Fareed Zakaria pays tribute to his mother after she died of COVID-19 complications
CNN host Fareed Zakaria paid an emotional tribute to his mother on Sunday after she died of complications from COVID-19.
“We are approaching 3 million COVID deaths worldwide, and people have often pointed out that behind these statistics are individual human beings. This week, my mother, Fatima Zakaria, became one of those statistics,” he said on Sunday on his show “Fareed Zakaria GPS.”
Goodbye Ma, I love you. pic.twitter.com/zcM27RRPuj
— Fareed Zakaria (@FareedZakaria) April 11, 2021
Fareed Zakaria said his mother, 85, died of complications related to COVID-19 in Aurangabad, India.
“If there’s a single person most responsible for who I am today and the things that I have achieved in the world, large or small, it’s my mother,” the CNN host shared.
Fatima Zakaria was born in then-Bombay in British India, Fareed Zakaria said. She attended Isabella Thoburn College in India before becoming a social worker and embarking on a longtime career in journalism.
“She moved up fast. By the 1970s, she was one of a handful of women with a senior role in the Indian media. It was a man’s world, and she had to endure all kinds of double standards.
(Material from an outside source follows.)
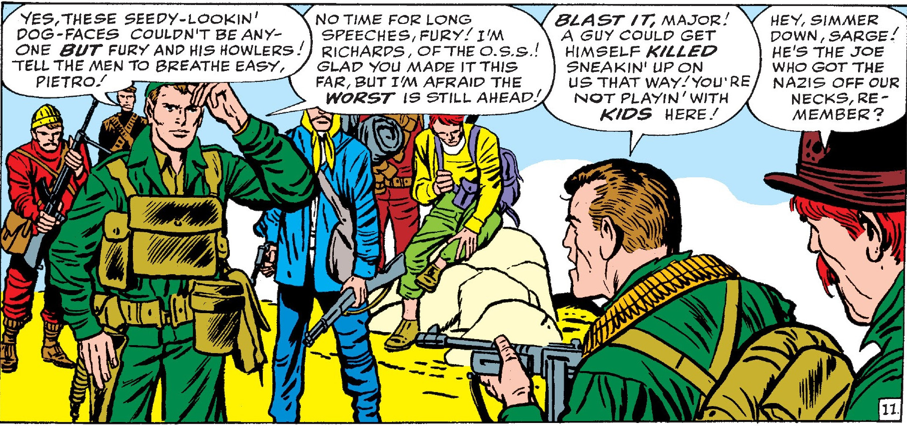 - An editorial note reveals that Major Richards will become Mister Fantastic of the Fantastic Four. Richards appearance is the first crossover in this series, and establishes that the Howling Commandos exist in the Marvel Universe. Similarly, Ben Grimm will later appear in Capt. Savage and his Leatherneck Raiders #7.

She never complained, worked harder and kept moving up,” Fareed Zakaria said, alongside photos and videos of his mother.
“For all her accomplishments, when asked what she was proudest of, she would say unhesitatingly her role as a mother,” he added.
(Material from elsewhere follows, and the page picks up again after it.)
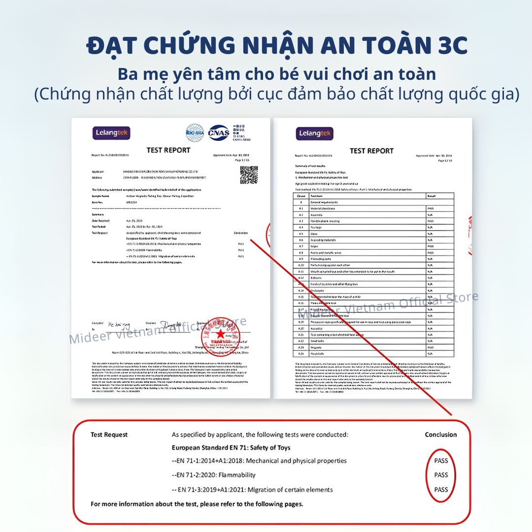 - ĐẠT CHỨNG NHẬN AN TOÀN 3C: Được kiểm định và chứng nhận chất lượng bởi cục đảm bảo chất lượng quốc gia, mang đến sự an tâm cho ba mẹ khi bé chơi.

Fareed Zakaria said the “greatest sign of her love for her children was that she encouraged all of us to go to America for college, even though she knew that it could well mean that we would end up staying here.”
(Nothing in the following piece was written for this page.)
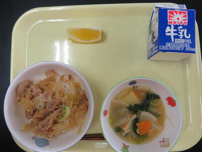 【今日の献立】豚丼 根菜の味噌汁 河内晩柑 牛乳

“She wanted the best for us, even at the cost of her own happiness. People talk about the story of immigration as one big happy tale, but in every immigrant’s story, there is sadness as well, the sadness of a country, a culture, a family left behind, a mother who would quietly weep at night, distant from the child she loved,” he added.
“I feel that sorrow of distance this week because, thanks to the pandemic, I was not able to see my mother for the last time nor bury her,” the host said, his voice breaking before adding, “Goodbye, Ma. I love you.”
India on Monday surpassed Brazil as the country with the second-highest number of COVID-19 infections recorded since the beginning of the pandemic. Data by Johns Hopkins University showed that India now sits at second place in the total number of infections worldwide, behind only the U.S.